#### Data segment:

= Beginning of Section =

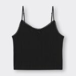 カジュアルなリブ生地に、レースとサテンリボンのデザインが効いたキャミソール。クロップド丈でヘルシーな肌見せコーデにも使いやすい! コットンブレンドの柔らかい肌触りが病みつきに。
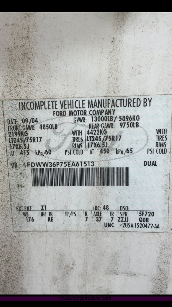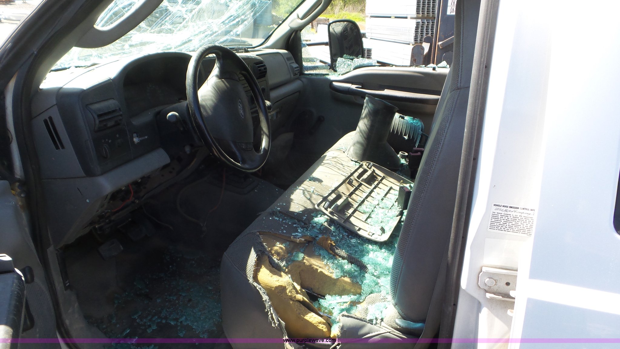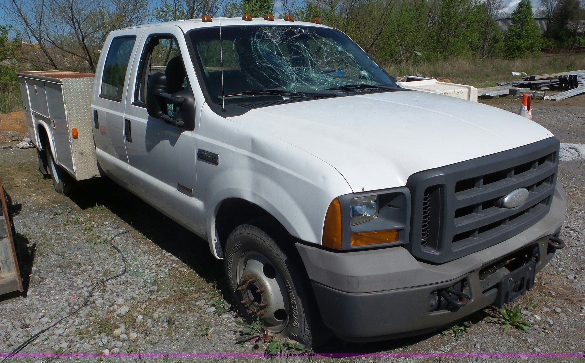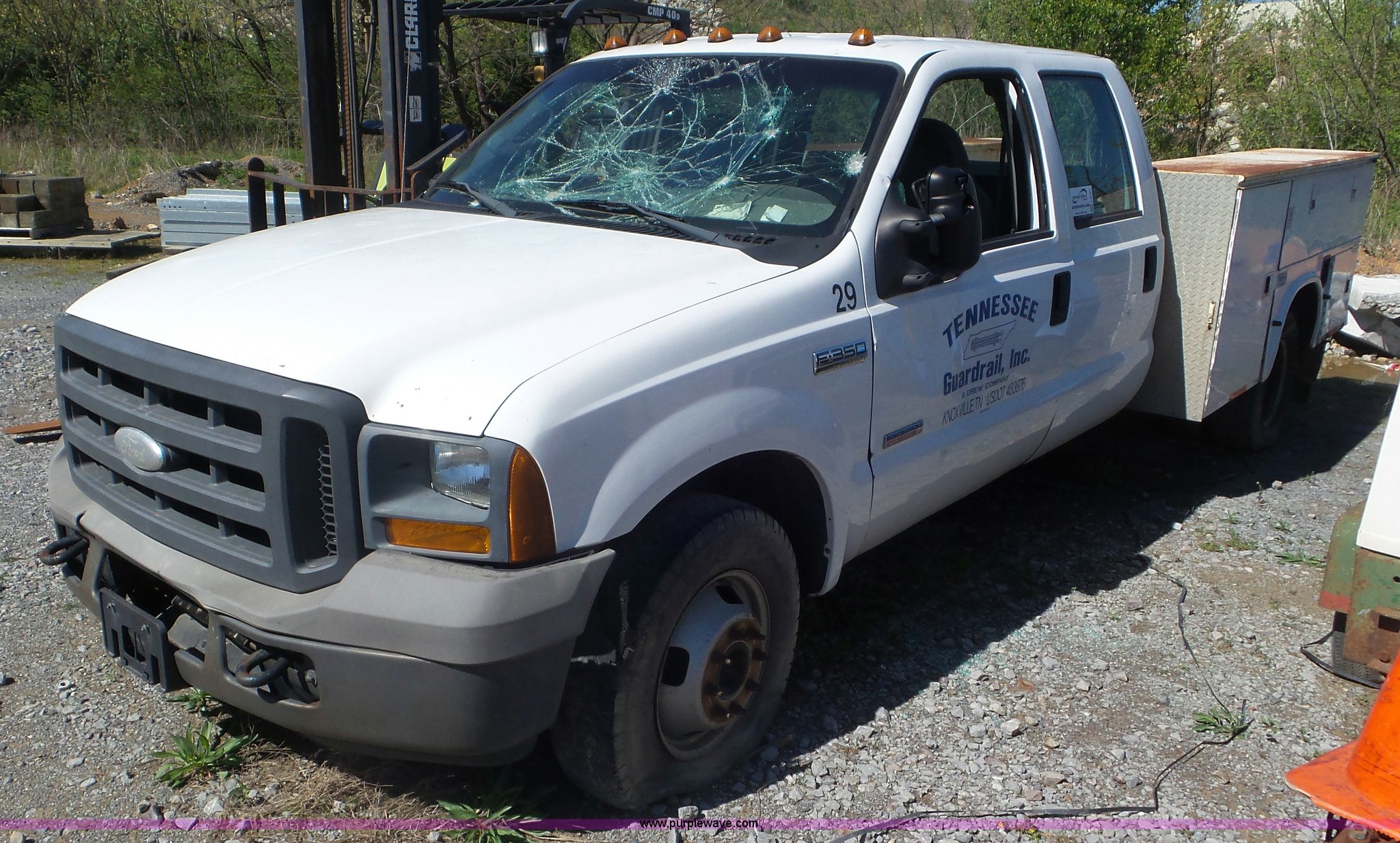 Purple Wave is selling a used Service Truck in Tennessee. This item is a 2005 Ford F450 Super Duty utility truck with the following: Unknown miles on odometer, 6.0L V8 OHV 32V turbo diesel engine, Four speed manual transmission, AC and heat, Tilt, Cruise, AM/FM, Manual windows and locks, Cloth interior, 9'L utility bed, Receiver hitch, 245/75R17 tires, Non-operational engine, Windows broken, Hail damage, Unit# 29
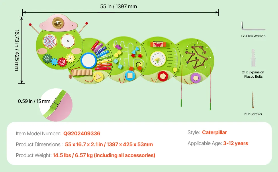 VEVOR Caterpillar Activity Wall Busy Board Panels, 12 Activities, Montessori Sensory Wall Toy for Kids 3-12 Years, Montessori Learning Activity Center, Ideal for Toddler Playroom Nursery Classroom VEVOR Caterpillar Activity Wall Busy Board Panels, 12 Activities, Montessori Sensory Wall Toy for Kids 3-12 Years, Montessori Learning Activity Center, Ideal for Toddler Playroom Nursery Classroom

= End of Section =

#### Exercise description:
Give back exactly the lines from the line with "Purple Wave is" through the end of the material above, inclusive, with no pictures.

#### Response to the exercise:
 Purple Wave is selling a used Service Truck in Tennessee. This item is a 2005 Ford F450 Super Duty utility truck with the following: Unknown miles on odometer, 6.0L V8 OHV 32V turbo diesel engine, Four speed manual transmission, AC and heat, Tilt, Cruise, AM/FM, Manual windows and locks, Cloth interior, 9'L utility bed, Receiver hitch, 245/75R17 tires, Non-operational engine, Windows broken, Hail damage, Unit# 29
 VEVOR Caterpillar Activity Wall Busy Board Panels, 12 Activities, Montessori Sensory Wall Toy for Kids 3-12 Years, Montessori Learning Activity Center, Ideal for Toddler Playroom Nursery Classroom VEVOR Caterpillar Activity Wall Busy Board Panels, 12 Activities, Montessori Sensory Wall Toy for Kids 3-12 Years, Montessori Learning Activity Center, Ideal for Toddler Playroom Nursery Classroom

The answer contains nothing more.